# Pure Wings 2 starke Serienstreuung bei der Lautstärke?



## suddali (10. Januar 2015)

*Pure Wings 2 starke Serienstreuung bei der Lautstärke?*

Guten Tag be quiet! Team,

ich habe von euch viele viele Lüfter und auch das SilentBase Gehäuse gekauft...  Nun meine Frage ich habe hier mind. 5x 140mm Lüfter Pure Wings 2 und nochmal 2 oder 3x 120mm Pure Wings 2.


Nun meine Frage, einer der 2 140mm Lüfter im SilentBase ist extrem laut im Verhältnis zu dem anderen, beide sind voll aufgedreht.. Bei dem Einen ist nur der Luftstrom zu hören, welcher nach ca. 50 cm Abstand angenehm wahrzunehmen ist, der anderen läuft viel unruhiger und ist auch an sich von den Eigengeräuschen her um einiges lauter...
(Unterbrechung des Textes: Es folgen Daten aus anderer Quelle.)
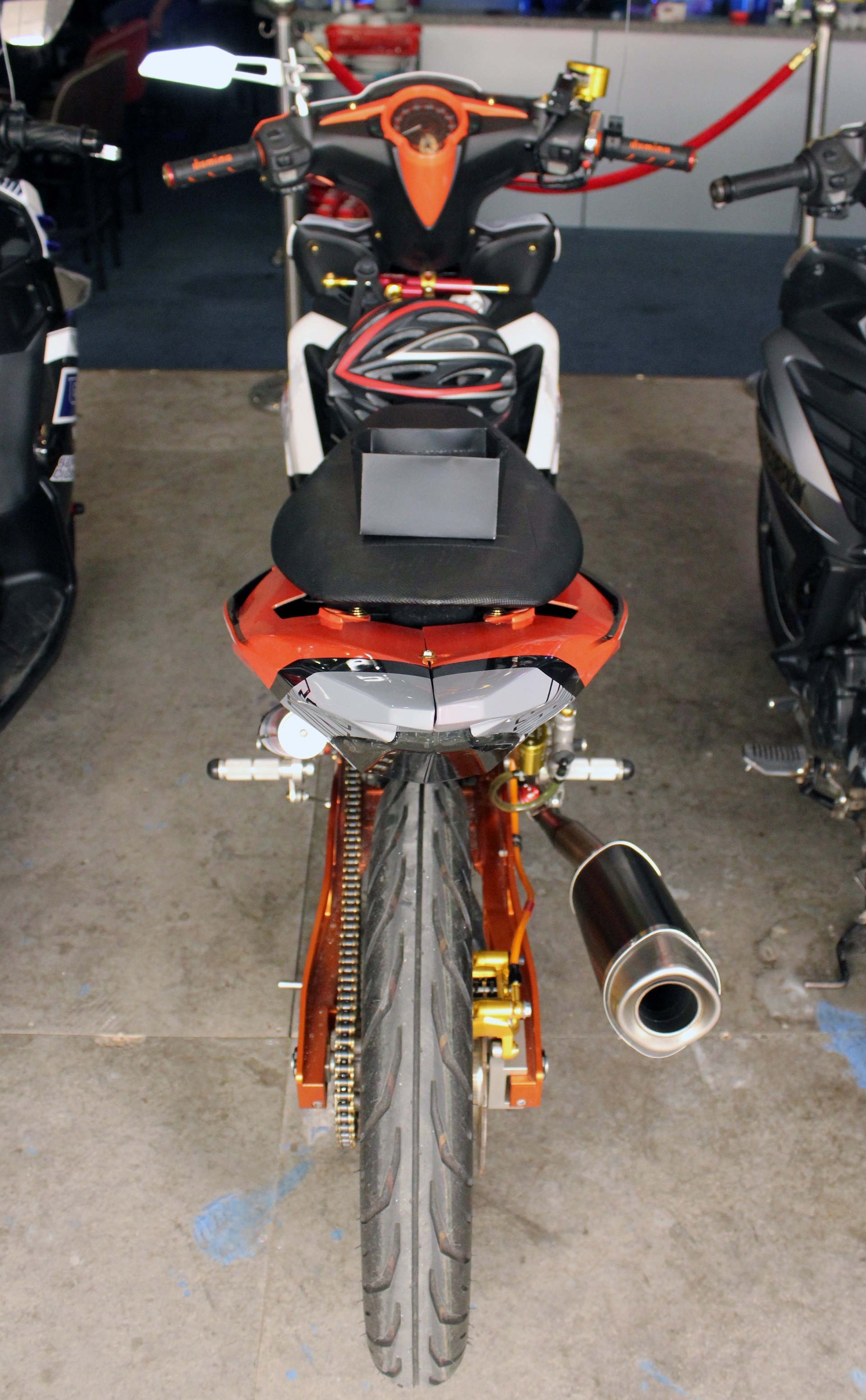 | Dàn ngoài được chế mũ (độ thân vỏ) và lên full (đầy đủ) đồ chơi. Chiếc xe này thuộc sở hữu của một người chơi xe ở quận 1, TP.HCM. Thời gian độ chiếc xe hết khoảng 2 tuần. Theo chủ nhân của chiếc xe, động cơ đã được lên trái 62 (piston đường kính 62 mm). Ống xả hiệu Arrow. |
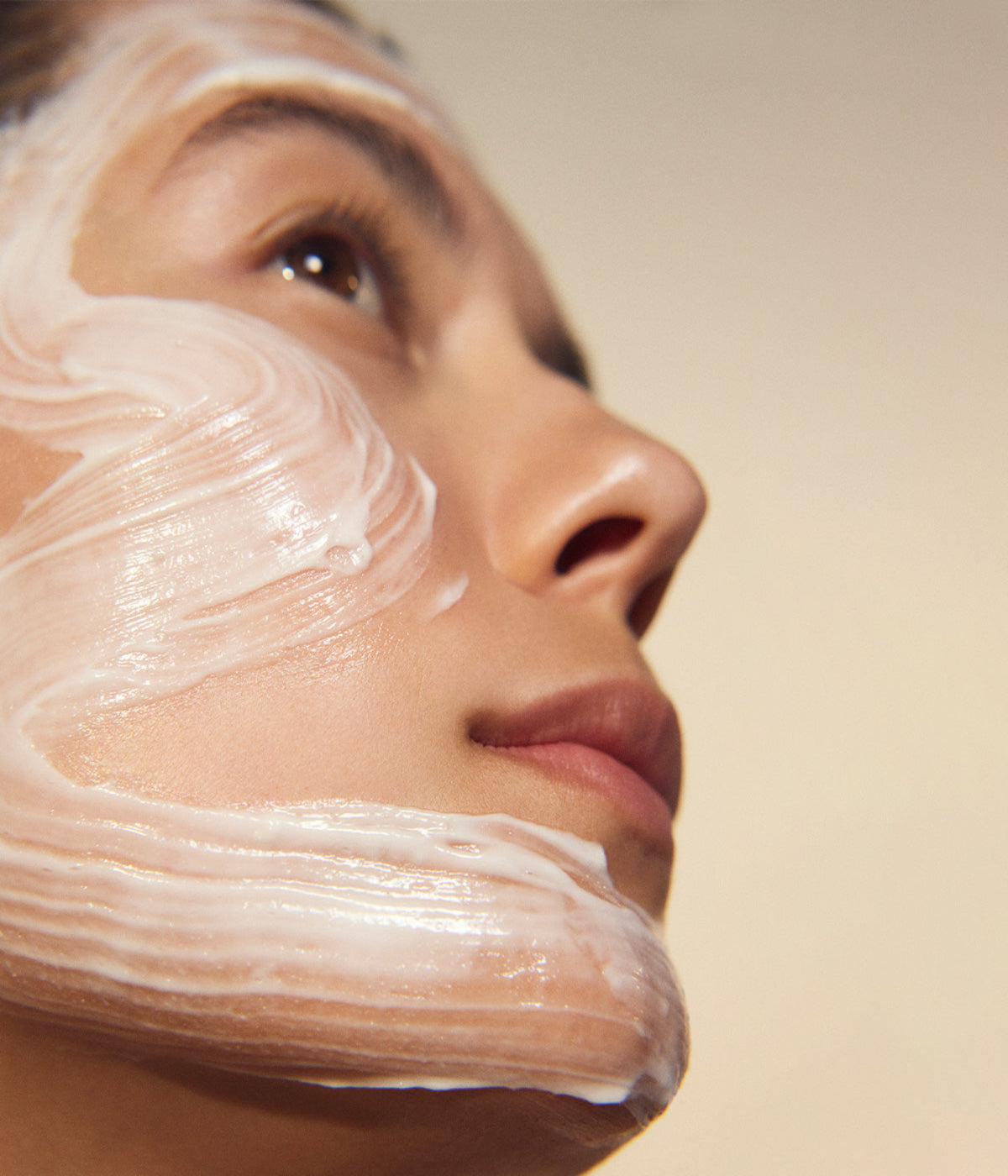 Use upward motions along the cheeks, jawline, and neck to promote firmness and supple bounce.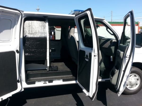 This view of the passenger side with three doors open shows access into passenger compartment storage area.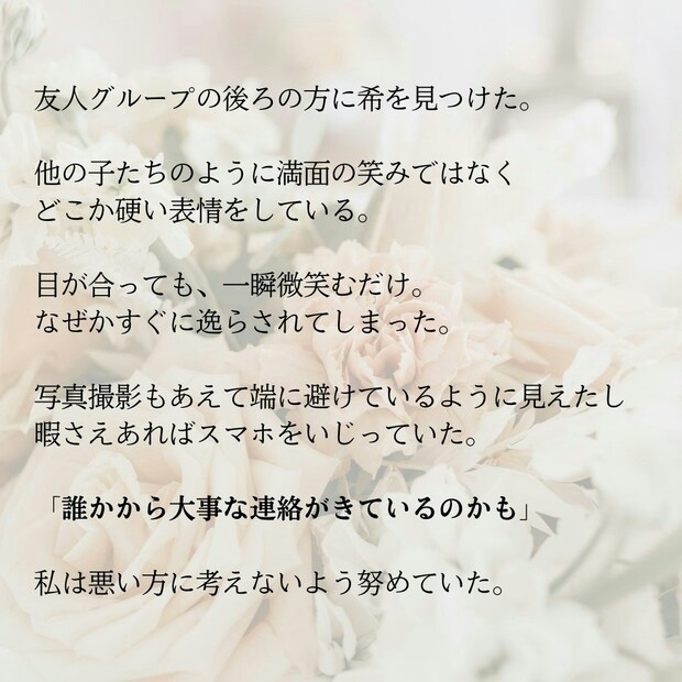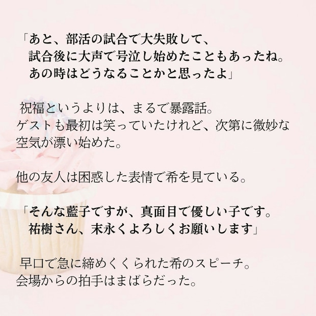 結婚式でのスピーチを咎めようとしていましたが、希の妊娠報告を聞き、お祝いすることに。ですがその後、流産したと聞かされます。このような状況では、結婚式の件は聞けませんね…。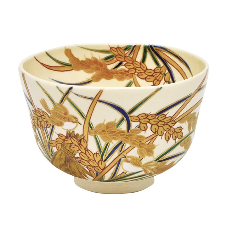 茶碗 仁清 稲穂に雀 加藤如水作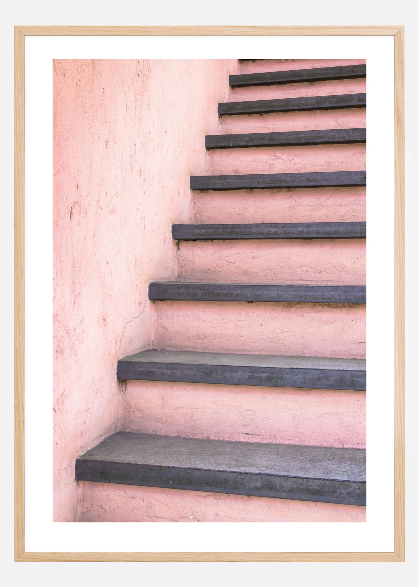 Снимка на стълбище с прекрасни контрасти на розови пастели и сив бетон. Прост и стилен плакат, идеален за комбиниране с други любими на по-голяма стена с картини. Подходящ за повечето домове и интериорни стилове.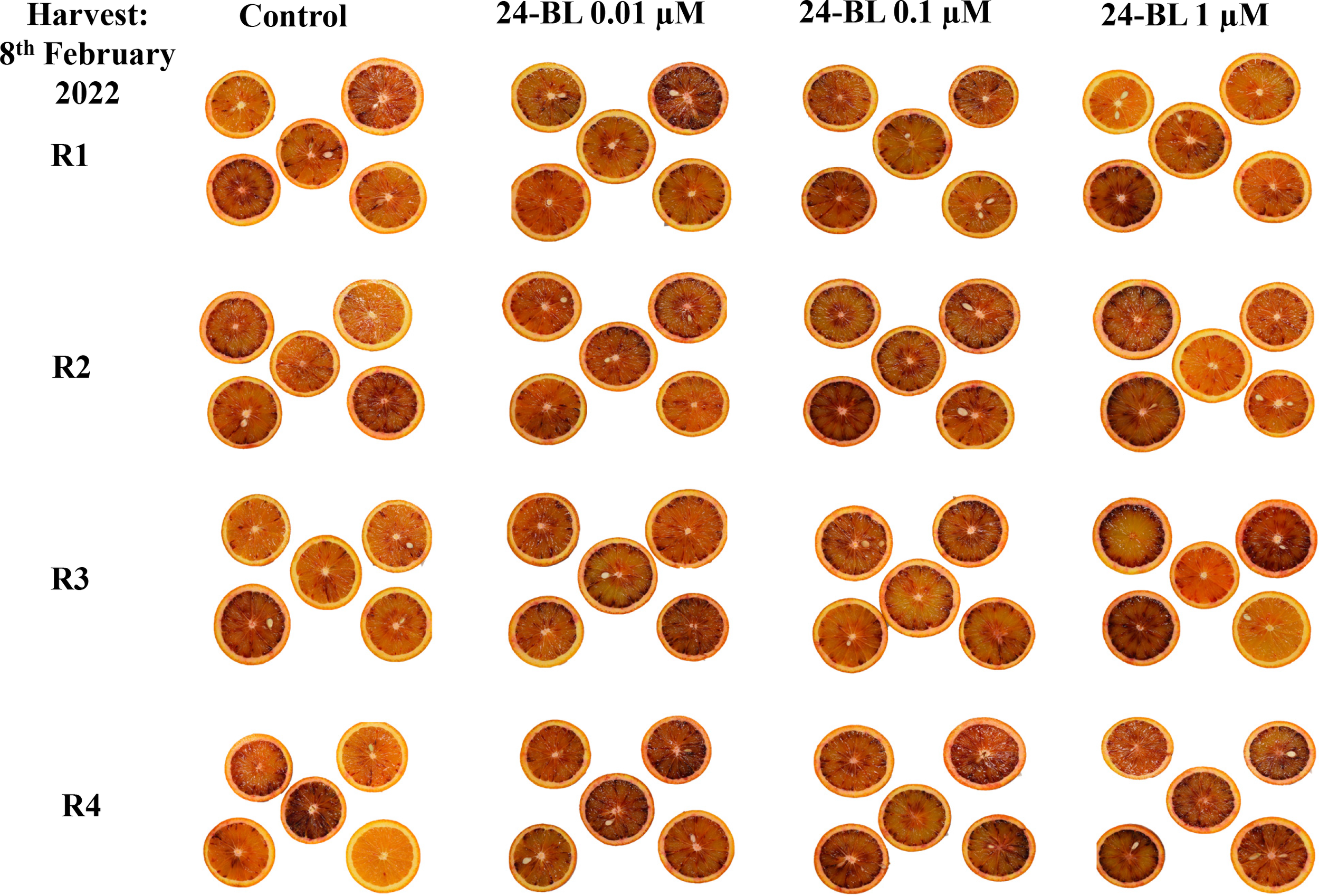 Internal fruit appearance of orange fruits at harvest in 2022 experiment as affected by 24-epibrassinolide (24-BL) treatments at 0.01, 0.1, and 1 μM. R1–R4 mean four replicates of five fruits.

Genauso verhält es sich mit dem 120mm Lüfter, der  in dem Gehäuse sitzende Lüfter ist diesmal um einiges leiser als mein normal gekaufter 120mm Lüfter, auch wieder auf voller Leistung getestet... 

Nun meine Frage: Der Unterschied ist wirklich hörbar! Soll ich nun bei jedem Kauf das "Risiko" eingehen einen Guten bzw. Schlechten zu kaufen oder woran erkenne ich diese unterschiedlichen Qualitäten vorab?!

Und woher zieht ihr die Aussage mit den 19db?! Wie bzw. aus welcher Entfernung messt ihr das, da ich noch alte Enermax Lüfter mit 21 db hier habe, welcher aber wiederum leiser! sind mit mehr db, als Eure?

lg


----------



## razzor1984 (10. Januar 2015)

*AW: Pure Wings 2 starke Serienstreuung bei der Lautstärke?*

Hallo,

persönlich hab ich mir vor kurzem, zwei pure wing 120 mm gekauft. Diese haben zwei alte Xmatec lüfis ersetzt (Lager hat sich nach 7 jahren verabschiedet.....)
Was mir auffält das Rifle Lager ist leider nicht so gut wie das Fluid-Dynamic-Lager welches in meinem Lüfi ausblasent (SILENT WINGS 2 - 140 mm) verbaut ist.

Das mit der lautstärke is leider alles subjektiv, auf der verpackung müsste draufstehen nach ISO standart so und so gemessen, nur wird das kein Hersteller machen weil dann Werte herauskämen die marketing technisch nicht vertretbar wären. Weiters ist ein ISO - Standart // Zertifizierung nicht gerade günstig.

Was du noch machen könntest, warte mal ab, vielleicht müssen sich die Rifle Lager noch einlaufen.Das kenn ich zb von den NB-Black silenc Pro, die müssen gute 12 stunden mal auf höchster stufe "einlaufen".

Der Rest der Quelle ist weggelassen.